* _HOW TO COMPLETE THIS TASK_
Below are records to retype exactly, except for the pictures.

* _RECORDS TO PROCESS_
▼
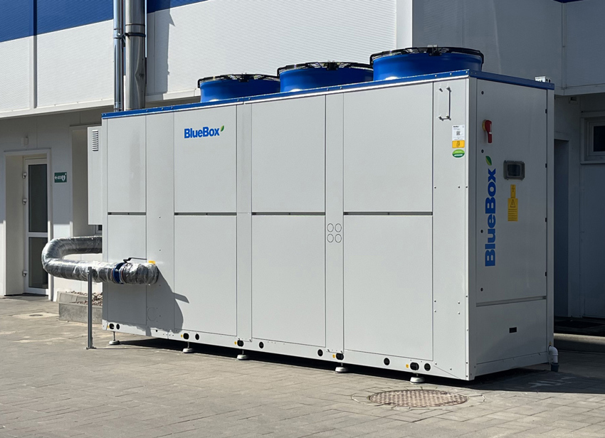 Due to the characteristics of the industrial activities, the air handling units have been delivered without heat exchangers, normally highly recommended from an energy utilisation perspective. That in turn, explains the need for external units for heating the supply air. We delivered heat pumps of model ZETA Rev and TETRIS W Rev, both from our BlueBox range. However, the technological process also has a clear demand for cooling all year round.
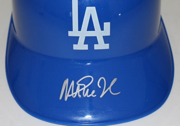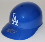 Los Angeles Dodgers souvenir batting helmet. Hand-signed in silver paint pen by Magic Johnson (Lakers HOF). The autograph includes an official Schwartz Sports Hologram and matching COA for authenticity purposes.Authentication: Schwartz Sports COA
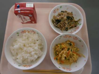 「もやしとこまつなのごまいためがおいしかったです。あげたまにがごはんとあっていておいしかったです。でもみつばが少し苦かったです。」・・・5の2
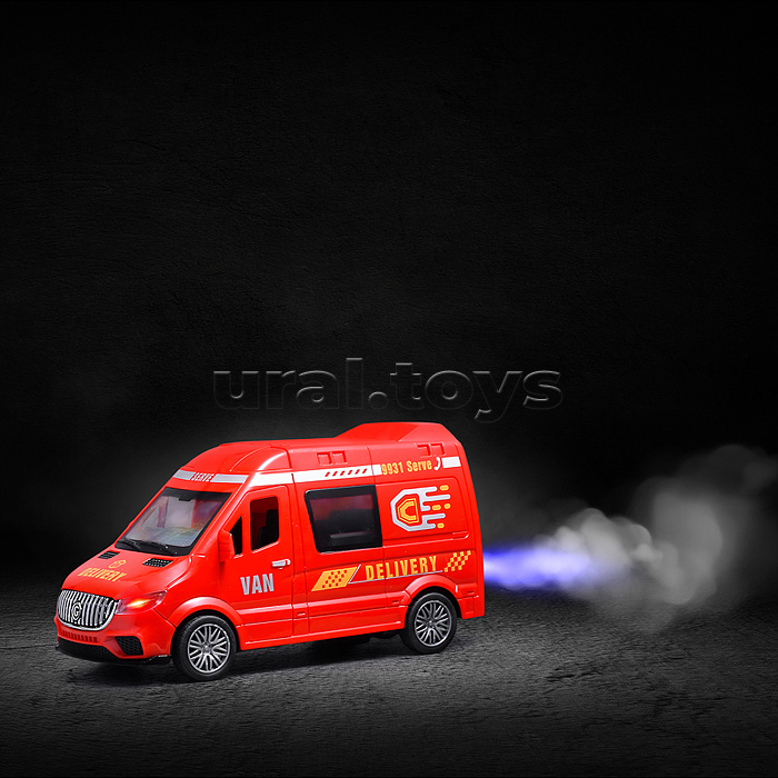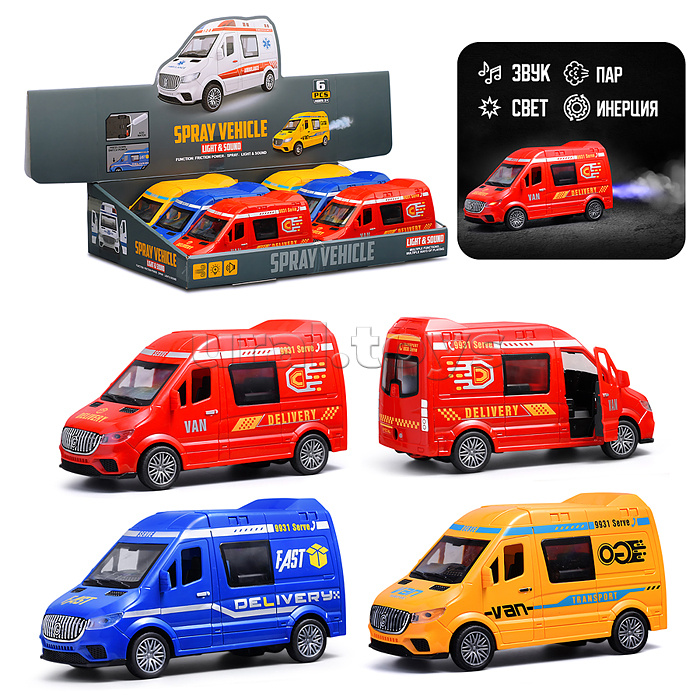 Машина со светом, музыкой и распылителем, в коробке
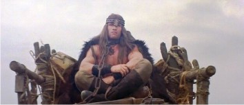 Al adolecer de la casuística ética de esclavos provista por una religión o una filosofía atávica nuestro guerrero poseía mayores oportunidades de conseguir imponer su venganza contra Thulsa Doom: por ejemplo, no tiene inconveniente alguno en unirse a ladrones o practicar hechicería para lograr sus objetivos. Nuestro personaje, puede vivir a través de toda la Era Hiboria sin cargar ideales falsos que, de acuerdo con el aristocratismo de espada de Nietzsche, lo hubiesen disminuido física y espiritualmente, le hubieran extraído su salud. Se trata, por esto, de un protagonista muy diferente a otros filmes del género "Swords&Sorcery" o del mitológico-fantástico, estamos ante un individuo plenamente nietzscheano. No estamos pues ante un Perseo de Furia de Titanes (Desmond Davis, 1981) quien es motivado a luchar contra múltiples peligros por su amor hacia Andrómeda y para ajusticiar las tropelías de Calibos; ni mucho menos estamos ante las aventuras del héroe He-Man que sólo desea atrapar a los esbirros del ambicioso Skeletor (Masters of the Universe, Gary Goddard, 1987) porque es su “deber”. Además, existen otros héroes del mismo género que, aunque también amorales, palidecen ante la amoralidad y el pragmatismo de Conan: el ladrón Bek en Dioses de Egipto (Alex Proyas, 2016) es escéptico y burlón hacia los dioses pero, finalmente, ayuda al "bien" representado en Horus, aunque sea por el amor que le tiene a su damisela; otro ejemplo, los únicos guerreros en la serie para televisión Juego de Tronos (2011-) que tienen características del superhombre plenamente inmoral son Tywin Lannister y Jaime Lannister, sin embargo, el primero pierde su superioridad al intentar institucionalizarse para implantar una dinastía (pierde su salud y su vigor ahistóricos) y el segundo, conforme avanza la saga, adquiere ideales caballerescos con tintes muy (cristianamente) morales (otro individuo con características amorales nietzscheanas es Peter Baelish, sin embargo, éste no es un guerrero y además actúa mediante el engaño y la apariencia, algo muy poco perteneciente a las virtudes de la aristocracia de espada). Conan jamás se institucionaliza, jamás se vuelve sedentario (al menos no en la película de Millius), jamás se hace civilizado por completo (dejaría de ser bárbaro si lo hiciera), jamás se hace caballero de ideales románticos (llora a Valeria su amada muerta, la venga, pero hasta ahí), jamás pierde su vigor ni su voluntad de poder.
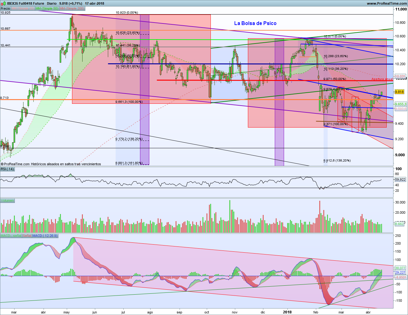 Análisis Técnico de La Bolsa de Psico de las Bolsas Europeas 17 abril 2018. Las señales del viernes y de ayer eran preocupantes para los alcistas. Todo al llegar a zonas de resistencias complicadas. Pero todas las señales deben confirmarse. Y hoy no sólo no se han confirmado las bajistas. Sino que se han anulado y se han superado las resistencias.
▲
* _RESPONSE TO THE EXERCISE_
 Due to the characteristics of the industrial activities, the air handling units have been delivered without heat exchangers, normally highly recommended from an energy utilisation perspective. That in turn, explains the need for external units for heating the supply air. We delivered heat pumps of model ZETA Rev and TETRIS W Rev, both from our BlueBox range. However, the technological process also has a clear demand for cooling all year round.
 Los Angeles Dodgers souvenir batting helmet. Hand-signed in silver paint pen by Magic Johnson (Lakers HOF). The autograph includes an official Schwartz Sports Hologram and matching COA for authenticity purposes.Authentication: Schwartz Sports COA
 「もやしとこまつなのごまいためがおいしかったです。あげたまにがごはんとあっていておいしかったです。でもみつばが少し苦かったです。」・・・5の2
 Машина со светом, музыкой и распылителем, в коробке
 Al adolecer de la casuística ética de esclavos provista por una religión o una filosofía atávica nuestro guerrero poseía mayores oportunidades de conseguir imponer su venganza contra Thulsa Doom: por ejemplo, no tiene inconveniente alguno en unirse a ladrones o practicar hechicería para lograr sus objetivos. Nuestro personaje, puede vivir a través de toda la Era Hiboria sin cargar ideales falsos que, de acuerdo con el aristocratismo de espada de Nietzsche, lo hubiesen disminuido física y espiritualmente, le hubieran extraído su salud. Se trata, por esto, de un protagonista muy diferente a otros filmes del género "Swords&Sorcery" o del mitológico-fantástico, estamos ante un individuo plenamente nietzscheano. No estamos pues ante un Perseo de Furia de Titanes (Desmond Davis, 1981) quien es motivado a luchar contra múltiples peligros por su amor hacia Andrómeda y para ajusticiar las tropelías de Calibos; ni mucho menos estamos ante las aventuras del héroe He-Man que sólo desea atrapar a los esbirros del ambicioso Skeletor (Masters of the Universe, Gary Goddard, 1987) porque es su “deber”. Además, existen otros héroes del mismo género que, aunque también amorales, palidecen ante la amoralidad y el pragmatismo de Conan: el ladrón Bek en Dioses de Egipto (Alex Proyas, 2016) es escéptico y burlón hacia los dioses pero, finalmente, ayuda al "bien" representado en Horus, aunque sea por el amor que le tiene a su damisela; otro ejemplo, los únicos guerreros en la serie para televisión Juego de Tronos (2011-) que tienen características del superhombre plenamente inmoral son Tywin Lannister y Jaime Lannister, sin embargo, el primero pierde su superioridad al intentar institucionalizarse para implantar una dinastía (pierde su salud y su vigor ahistóricos) y el segundo, conforme avanza la saga, adquiere ideales caballerescos con tintes muy (cristianamente) morales (otro individuo con características amorales nietzscheanas es Peter Baelish, sin embargo, éste no es un guerrero y además actúa mediante el engaño y la apariencia, algo muy poco perteneciente a las virtudes de la aristocracia de espada). Conan jamás se institucionaliza, jamás se vuelve sedentario (al menos no en la película de Millius), jamás se hace civilizado por completo (dejaría de ser bárbaro si lo hiciera), jamás se hace caballero de ideales románticos (llora a Valeria su amada muerta, la venga, pero hasta ahí), jamás pierde su vigor ni su voluntad de poder.
 Análisis Técnico de La Bolsa de Psico de las Bolsas Europeas 17 abril 2018. Las señales del viernes y de ayer eran preocupantes para los alcistas. Todo al llegar a zonas de resistencias complicadas. Pero todas las señales deben confirmarse. Y hoy no sólo no se han confirmado las bajistas. Sino que se han anulado y se han superado las resistencias.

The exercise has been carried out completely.